DNS filtering makes users stand out from other users with the same VPN unless it’s provided as a standard VPN feature which most users have activated. It’s why we recommend using VPN provider DNS filtering.
The problem is, in Mullvad VPN, DNS filtering is not one on/off switch, instead there are different categories of content that you choose to either filter out or not, making a custom filter profile.
Would this mean that if you end up creating a relatively rare custom DNS filter profile, you would stand out among Mullvad VPN users and be easier to fingerprint? Since there is to my knowledge no statistics on which filters are most common, is it then safer to just not use DNS filtering at all?
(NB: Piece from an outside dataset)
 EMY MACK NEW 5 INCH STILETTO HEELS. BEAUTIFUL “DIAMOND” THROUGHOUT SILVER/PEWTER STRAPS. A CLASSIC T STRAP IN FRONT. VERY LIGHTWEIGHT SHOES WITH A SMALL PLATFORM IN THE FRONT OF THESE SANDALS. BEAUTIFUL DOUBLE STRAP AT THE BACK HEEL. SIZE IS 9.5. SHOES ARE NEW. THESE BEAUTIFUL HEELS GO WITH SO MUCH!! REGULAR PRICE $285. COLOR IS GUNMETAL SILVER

Or is the effect so small compared to other fingerprinting vectors that it’s not worth worrying about?
I’m not sure I see those options. I should have mentioned that I’m on Android.
I would show a screenshot if I could figure out how to post images here. But anyway: it’s just a list of different categories of content to filter out (Ads… Trackers… Malware…), and you enable them one by one. No default presets as far as I can see.
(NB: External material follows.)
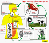 Жизненный цикл. Единственным окончательным хозяином свиного цепня является человек, он же может быть и промежуточным хозяином, так что при одном возбудителе заболевания может возникнуть при различных обстоятельствах два заболевания. Зона локализации паразита - тонкий кишечник. Человек заражается тениозом при употреблении в пищу свиного мяса, содержащего живых цистицерков. Через 2 - 3 месяца после заражения, начинают выделяться членики, содержащие онкосферы. Членики выделяются пассивно с фекалиями, чаще в виде ленты. Промежуточными хозяевами являются свиньи, но, как установлено, могут быть и другие животные - дикий кабан, медведь, верблюд, собака, кошка, кролик, заяц. Заражение промежуточного хозяина происходит при заглатывании онкосфер с пищей или водой. В кишечнике промежуточного хозяина онкосфера выходит из эмбриофоры, внедряется в стенку кишечника, проникает в кровеносные или лимфатические сосуды и заносится кровотоком в межмышечную соединительную ткань, мозг, глаза, сердечную мышцу и другие органы. Через 20 дней появляются зачатки сколекса. Через 40 - 50 дней цистицерки уже имеют развитый сколекс, а через 3 - 4 месяца заканчивают свое развитие. В дальнейшем они обрастают соединительнотканной капсулой хозяина. Продолжительность жизни цистицерков у свиней от 3 до 6 лет, после чего они сморщиваются, пропитываются известью, погибают. У человека цистицерки менее жизнеспособны, срок их жизни не более 2 лет.

I’m not sure what it would accomplish, I doubt thats a very common configuration. I could see that being the case if there was a switch to ‘Enable all’, but the way it works you’d have to deliberately check all of the boxes one by one. If I where to guess, most people (who even bother going into settings) would filter out ads, trackers and malware, but maybe let gambling, adult content and social media through. But again, thats my speculation and there is no statistics available.
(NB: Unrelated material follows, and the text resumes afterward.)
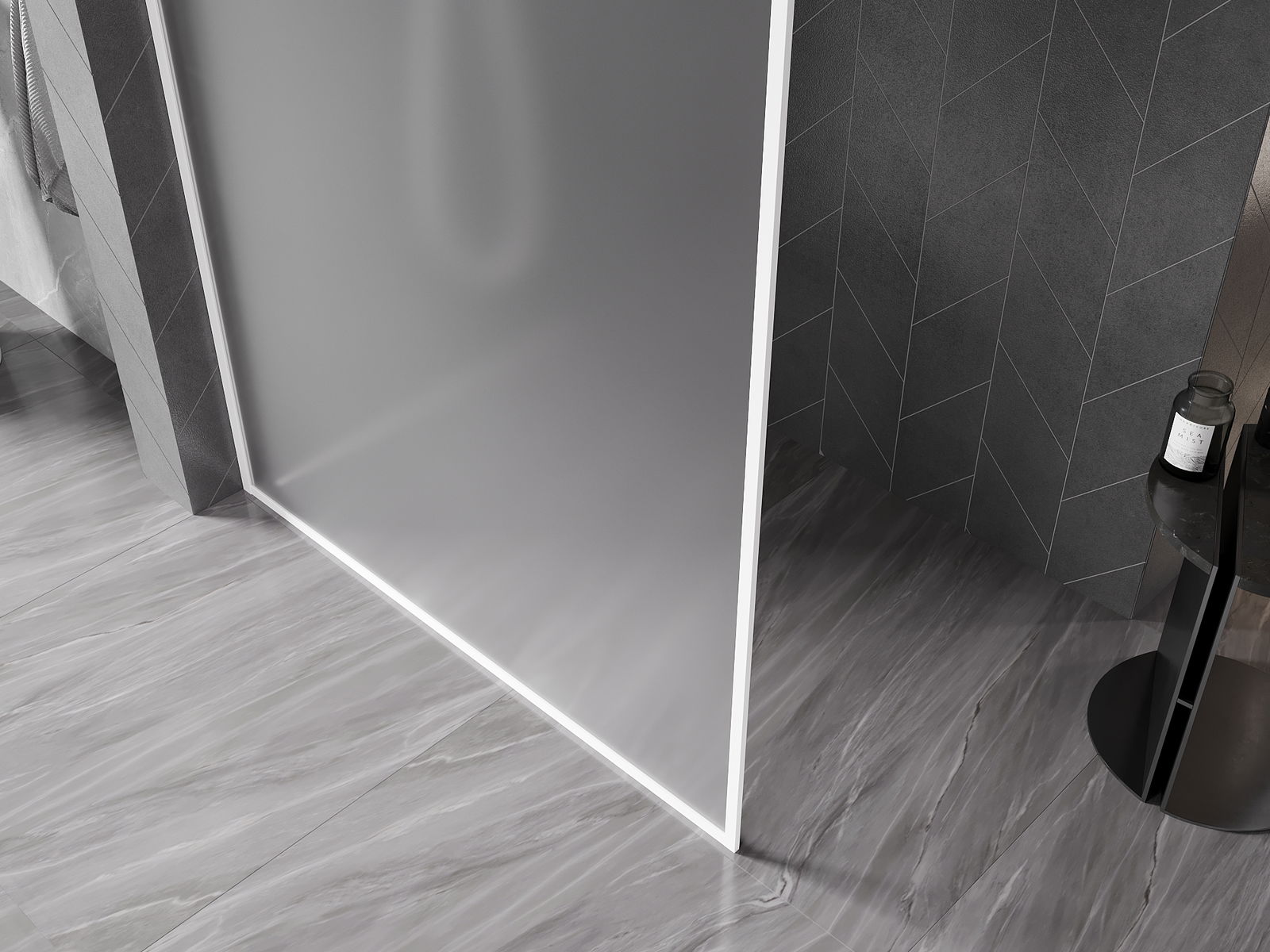 Mexen Kioto-F Suihkuseinä Walk-in kehyksellä 90 x 202 cm, huurre 8 mm, valkoinen - 800-090-104-20-30

I just did a test turning some of them on and all of them off: no change in the DNS server (IP and name), reported by Connection check | Mullvad VPN . So I guess, and that’s what I would expect from them tbh, the filtering happens “internally” without any change in the DNS server - thus, not affecting your fingerprint.
Long time I haven’t used Mullvad, but as I remember you only have 5 presets, and don’t they enable one by default?
this makes sense. Also, we have to consider that in real-life scenario a website probably isn’t going to try and load malware or shady stuff to see what dns you use. They could load trackers and ads, but realistically they can’t really tell whether you blocked malware, gambilng, etc.
At least non-shady sites, you streaming website might not care.
Oh, I see, that’s the stand-alone encrypted DNS service. I meant the settings for the DNS used by the VPN servers. As @carbonated pointed out, it doesn’t seem to matter for fingerprinting.